The outer loop measurement doesn't suffer from this, so it gives you the true overall time in cycles.
Suggested fix
Here's a simple helper struct/class that will allow you to account for time in various accumulators without "time leaks." Anytime you call the "split" member function you have to give it an accumulator variable, by reference, where it will accumulate the previous time interval:
struct Timer {
uint64_t _previous_tsc;
Timer() : _previous_tsc(rdtsc()) {}
void split( uint64_t & accumulator )
{
uint64_t tmp = rdtsc();
accumulator += tmp - _previous_tsc;
_previous_tsc = tmp;
}
};
Now you can use one instance to time the "splits" of your inner loop and another for the overall outer loop:
uint64_t flagtime = 0; // outer loop
uint64_t otherTime = 0; // inner split
uint64_t iterateTime = 0; // inner split
uint64_t loopTime = 0; // inner split
Timer tsc_outer;
Timer tsc_inner;
while(! it2->done()) {
tsc_inner.split( loopTime );
bool cont = it2->Next(); //if we have more in the state table, we continue
if(!cont) break;
totalF2+=it2->value2(); //for experiment, recording the sum of v
updates++; //for experiment, recording the number of updates
tsc_inner.split( otherTime );
run_iter(it2->key(), it2->value1(), it2->value2(), it2->value3());
tsc_inner.split( iterateTime );
}
tsc_outer.split( flagtime );
This is now "tight" you won't miss any cycles. One caveat though, it still uses RDTSC
instead of RDTSCP
so it isn't serializing, which means you might still under-report the time spent in one split (like iterateTime) while over-report some other accumulator (like loopTime). Cache misses in run_iter() that aren't accounted for in iterateTime will be accounted for in loopTime.
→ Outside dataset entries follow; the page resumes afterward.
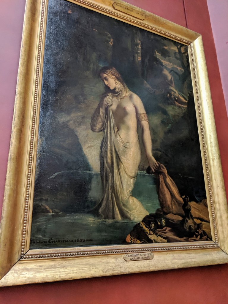Finally it was time for our visit and we walked back over to the Louvre. We brought our stroller since there was lots of walking today and when we got to the entrance to the Louvre, a guard saw the stroller, said “Oh a baby? You go to the front!” and took us up to the door to bypass the long line. Now, Nova isn’t quite a baby but we weren’t complaining. We got inside and saw the French sculptures and French paintings. Below are some of our favorites: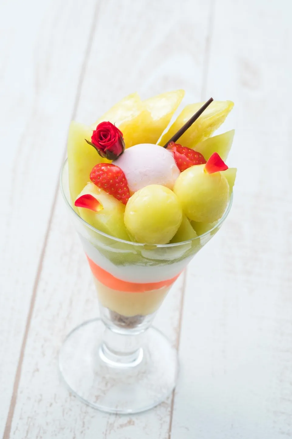 静岡県産のクラウンメロンを贅沢に1/2個使用した果実を楽しむパフェ。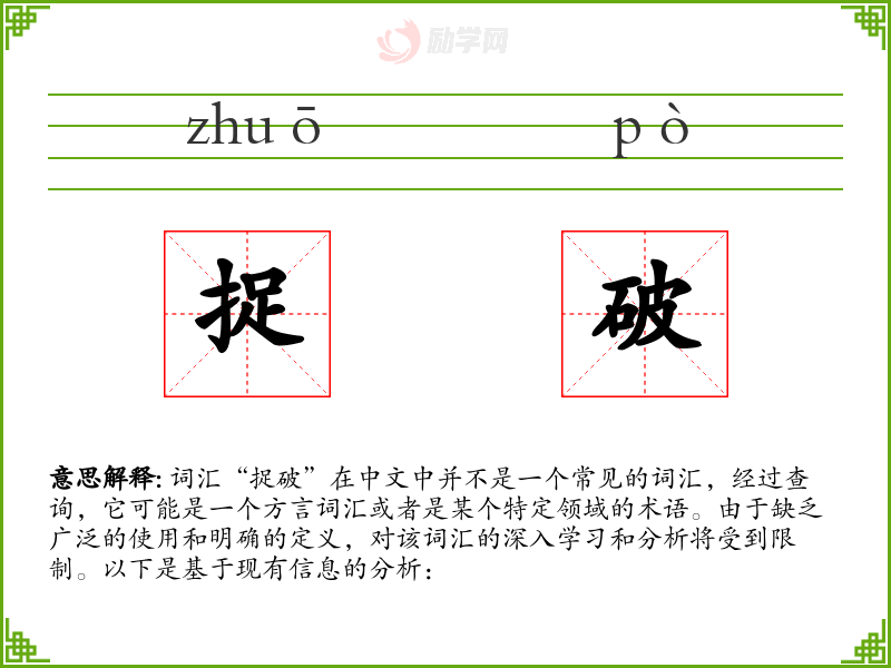 由于“捉破”不是一个常见的标准汉语词汇,对其的深入学习和分析受到限制。在语言学习和表达中,重要的是掌握和使用广泛认可的词汇,以确保沟通的准确性和有效性。对于不明确的词汇,建议寻找更常见的替代词汇或进一步明确其含义和用法。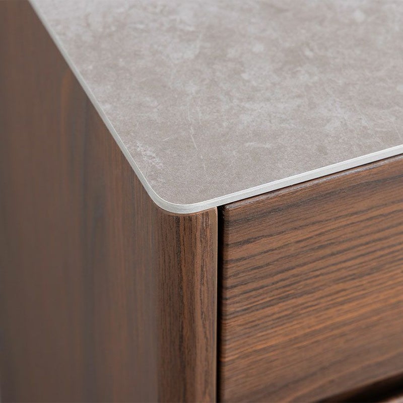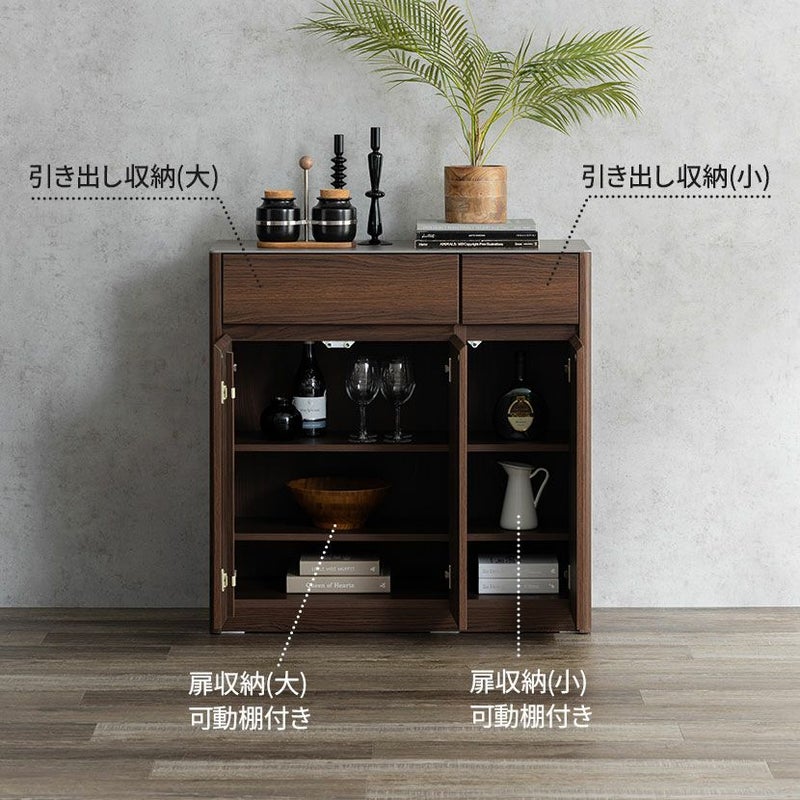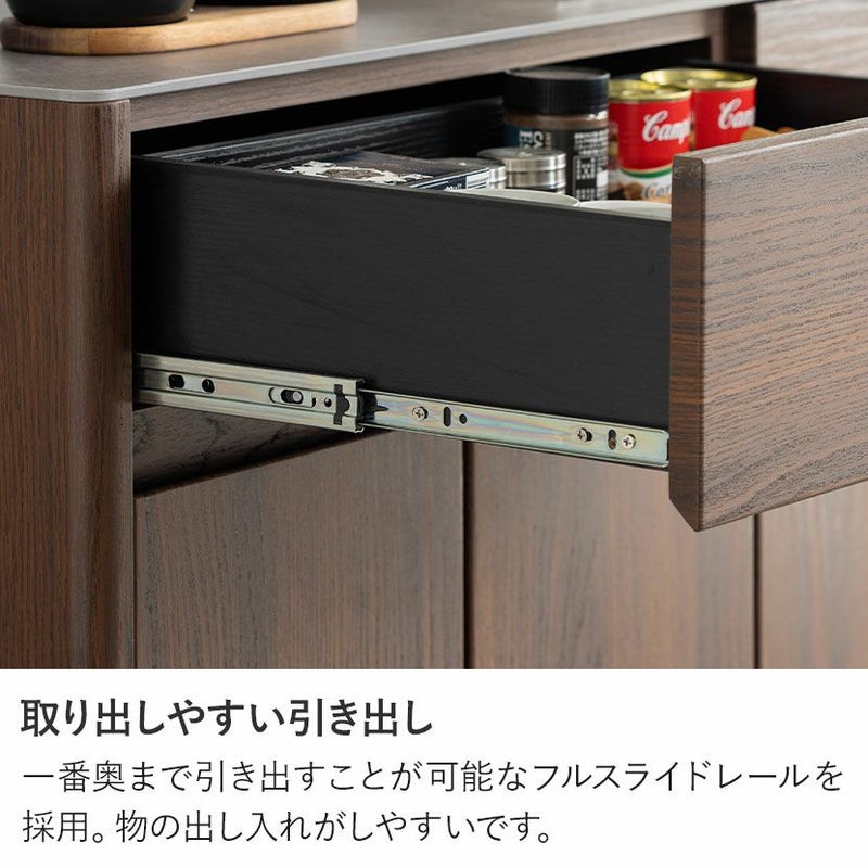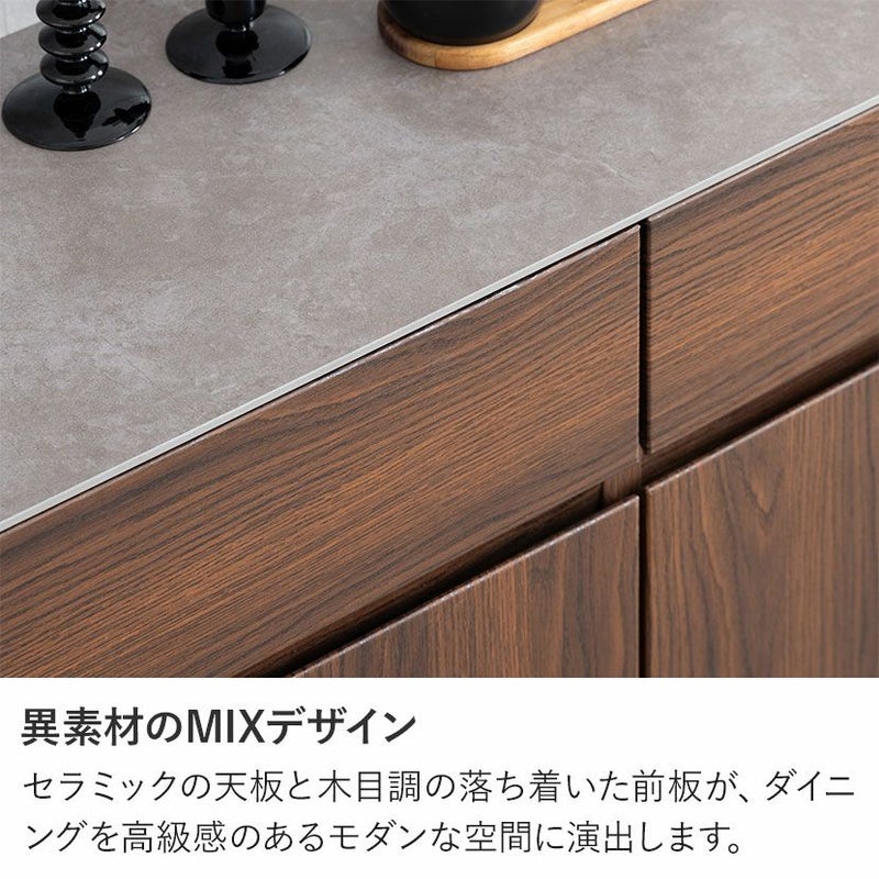 セラミックの天板と木目調の落ち着いた前板が、ダイニングを高級感のあるモダンな空間に演出します。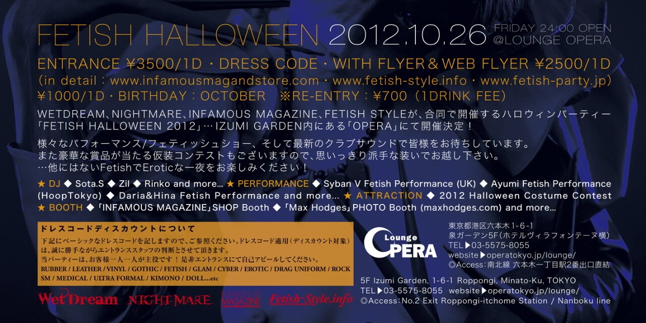 Wet Dream(TGJ PRODUCE)、Nightmare(TGJ PRODUCE)、INFAMOUS MAGAZINE、FETISH STYLEが、合同で開催するハロウィンパーティー 「FETISH HALLOWEEN 2012」、IZUMI GARDEN内にある「OPERA」にて急遽開催決定!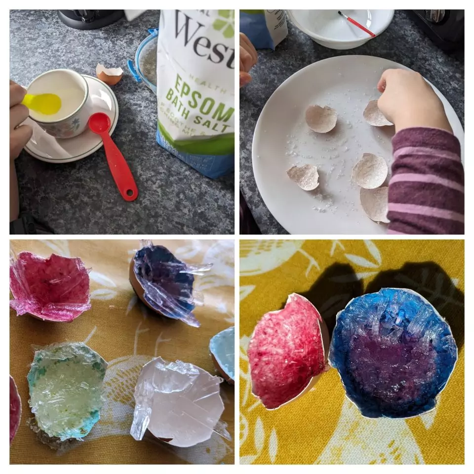 With some empty half eggshells, we grew crystals from Epsom salts and food colouring dissolved in water, to make our own geodes.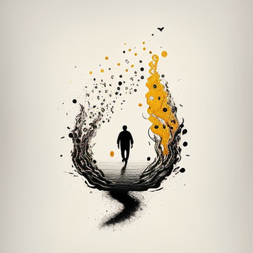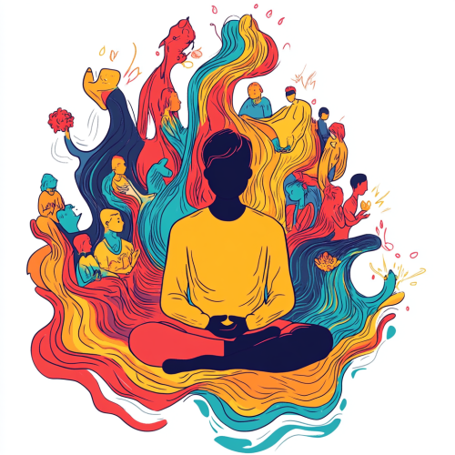 Person practicing mindfulness with colorful waves and supportive figures.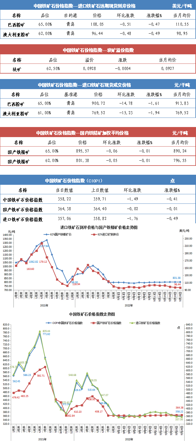 【行業指數】9月20日中國鐵礦石價格指數
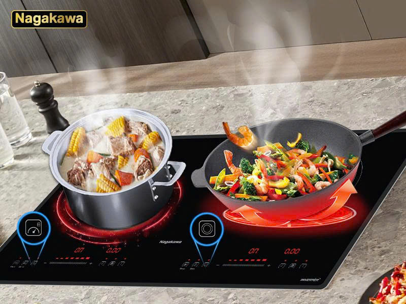Được Bộ Công Thương chứng nhận tiết kiệm năng lượng, Bếp đôi 1 điện từ 1 hồng ngoại Nagakawa NII8996 tối ưu điện năng qua 4 chế độ nấu tự động.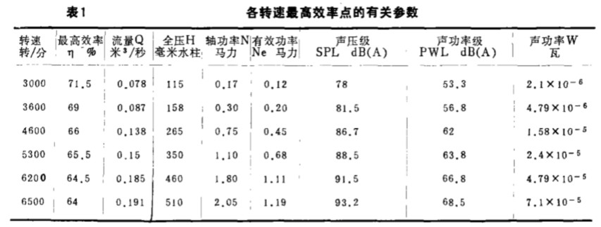 各转速下最 高效率的数值, 以及最高 效率点的流量 、 全压 、 轴功 率、 有 效 功 率 、 声压级 (A ) 、 声功 率级(A ) 、 声功率等有关参数如表 1所 示。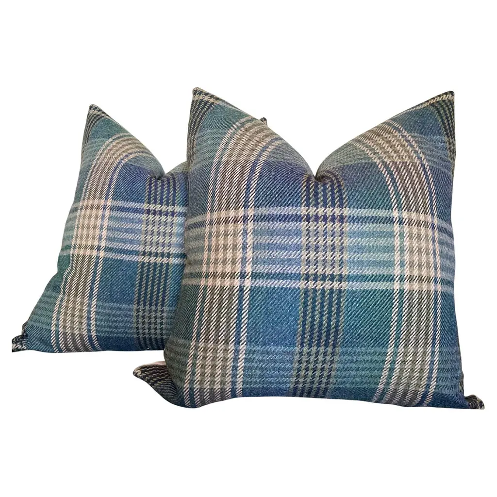 Muted Blue & White Homespun Linen Pillows, Collection Of Four Pillows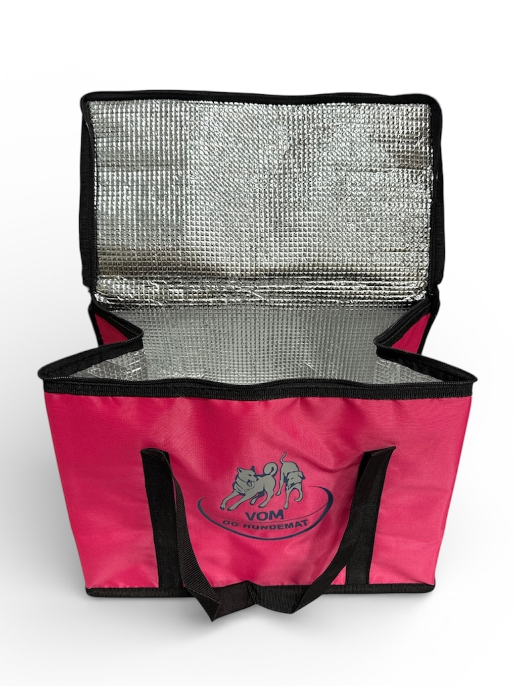 Den här kylväskan är specialdesignad för att rymma 20 stycken 500‑grams korvar från Vom og Hundemat. Med effektiv kylhållning, slitstarkt material och smidig dragkedja håller den fodret fräscht under transport. Perfekt för resor, träningar, tävlingar eller när du behöver ta med hundens mat på ett tryggt och hygieniskt sätt.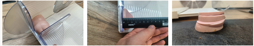 А теперь попробуем нарезать колбасу. Лучше всего использовать круглый батон, так будет лучше фиксироваться в фиксаторе. Колбасу мне получилось нарезать в диапазоне от 5 до 17 мм. Возможно еще не хватает опыта в данном вопросе или колбаса слишком мягкая.
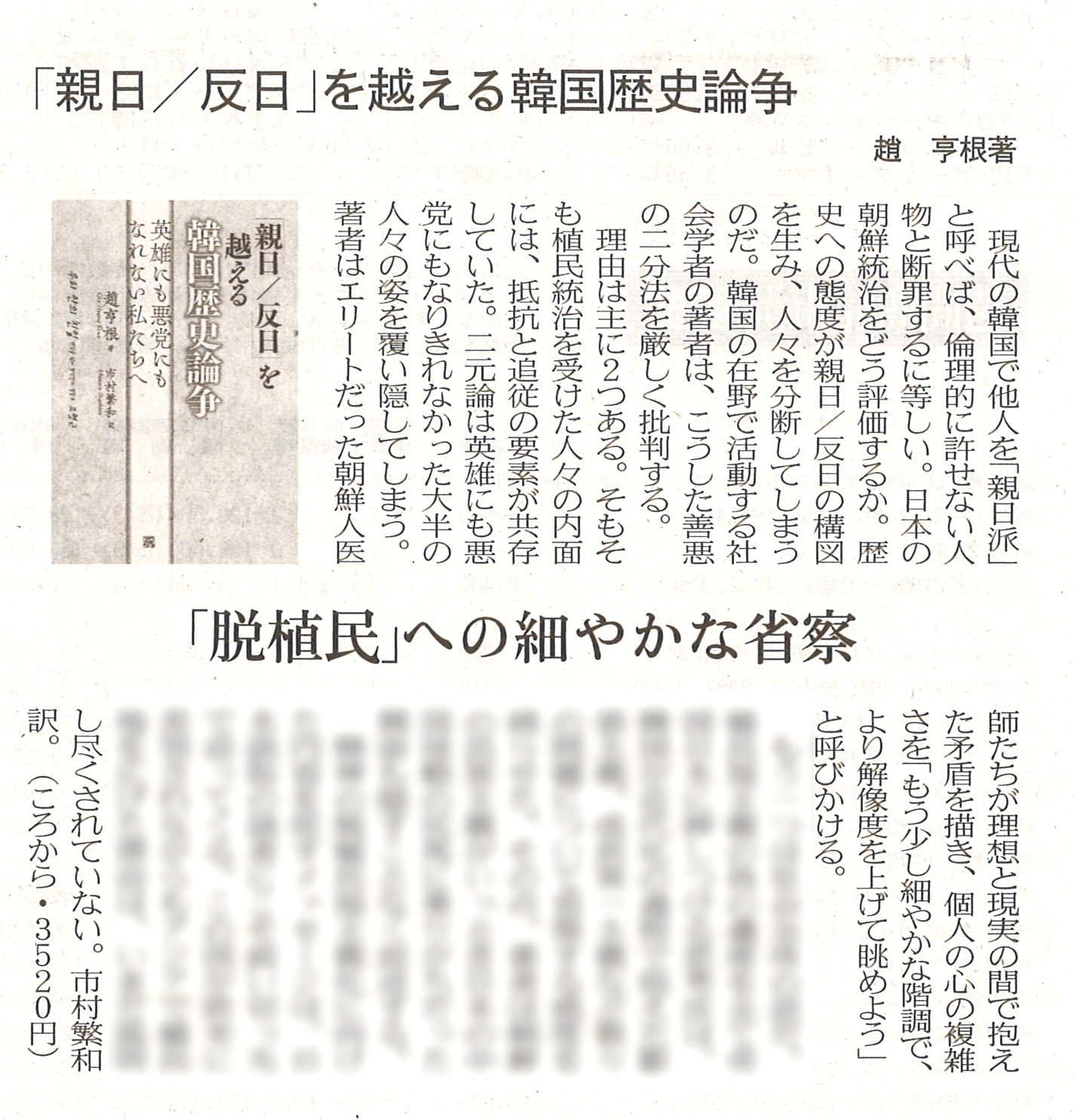 『「親日/反日」を越える韓国歴史論争 英雄にも悪党にもなれない私たちへ』(趙亨根著、市村繁和訳)が日本経済新聞(2026年3月14日)で書評されました。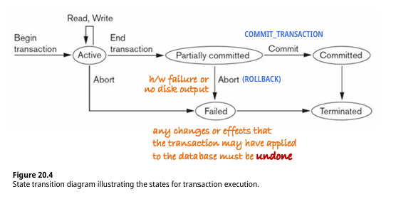 - abort: Transaction이 제대로 수행되지 않아 수행 전 상태로 돌려놓는 경우 -> DB나 다른 Transaction에 영향 x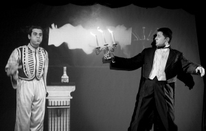 他的魔術(shù),每次都能迷惑所有人,因?yàn)闊o(wú)論怎樣,這都像兩個(gè)人“打配合”的表演:希臘魔術(shù)師、國(guó)際魔術(shù)界公認(rèn)最好的電影魔術(shù)大師喬哥斯,在幕布做成的鏡子前,捧出一個(gè)小瓶子。裊裊煙霧中,一個(gè)古裝魔術(shù)師從瓶中鉆出,如阿拉丁神燈的傳奇。一古一今兩個(gè)魔術(shù)師,能在鏡子內(nèi)外拿球互擲“打架”,能忽地變出槍射擊。更不可思議的是,鏡中的古代魔術(shù)師還能走出鏡外,成為一個(gè)有血有肉的人,原來(lái)的人,則變成“影子”。
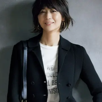 鎖骨が美しく見えるVゾーン、腕をきれいに見せる3ボタン袖口のロングスリーブ、こだわりのウールシルク素材など、オケージョンシーンでもエレガントなオーラを放つ「バー」ジャケット。クラシカルなダブルブレストジャケットとロングスカートのコーディネートは、オールブラックでも優雅な華が。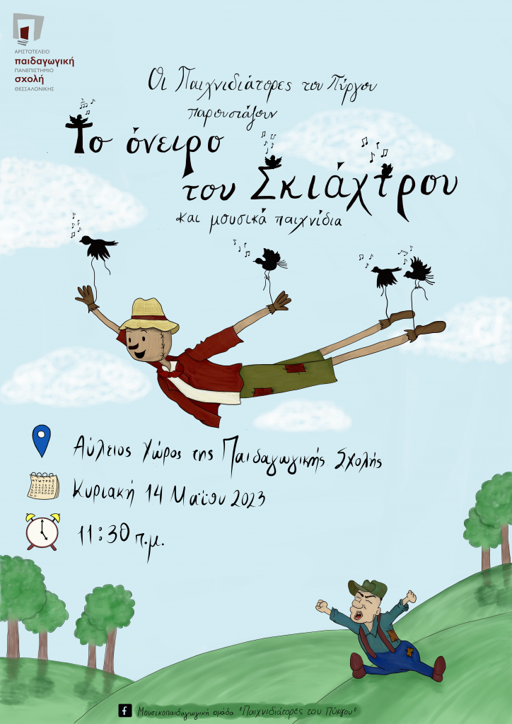 Η Μουσικοπαιδαγωγική Ομάδα «Παιχνιδιάτορες του Πύργου» της Παιδαγωγικής Σχολής του ΑΠΘ παρουσιάζει την παράσταση «Το όνειρο του σκιάχτρου και μουσικά παιχνίδια». Η παράσταση θα πραγματοποιηθεί την Κυριακή 14 Μαΐου στις 11.30πμ στον αύλειο χώρο της Παιδαγωγικής Σχολής και είναι ανοιχτή στο κοινό της πόλης.
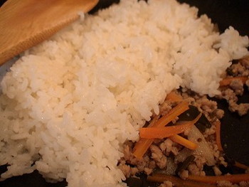 6.フライパンの具材がやわらかくなったら、混ぜ合わせて汁気を飛ばし、火を止めて温かいご飯、酢を加え入れよく混ぜ合わせる

Note: the Hypervisor of the Virtual Machine may be trapping RDTSC
One thing to note is that in a virtual machine it is possible that the hypervisor sets a control register to force the CPU to fault when a user level program attempts to execute RDTSC
... that would definitely serialize execution, and would be a huge performance bottleneck. In these cases the hypervisor emulates
execution of RDTSC
and provides a virtual timestamp to the application. See SO question Weird program latency behavior on VM.
Initially I thought this wasn't the issue you were observing, I'm wondering now if it is. If in fact the virtual machine is trapping the RDTSC
then you have to add the overhead of the hardware saving the VM registers, dispatching the kernel/hypervisor, and resuming your application after "fixing" EDX:EAX to emulate the RDTSC
... 50 billion cycles is a long time, at 3 GHz that's over 16 seconds. That would explain why you had so much time missing... 11 billion cycles... (44 - 33).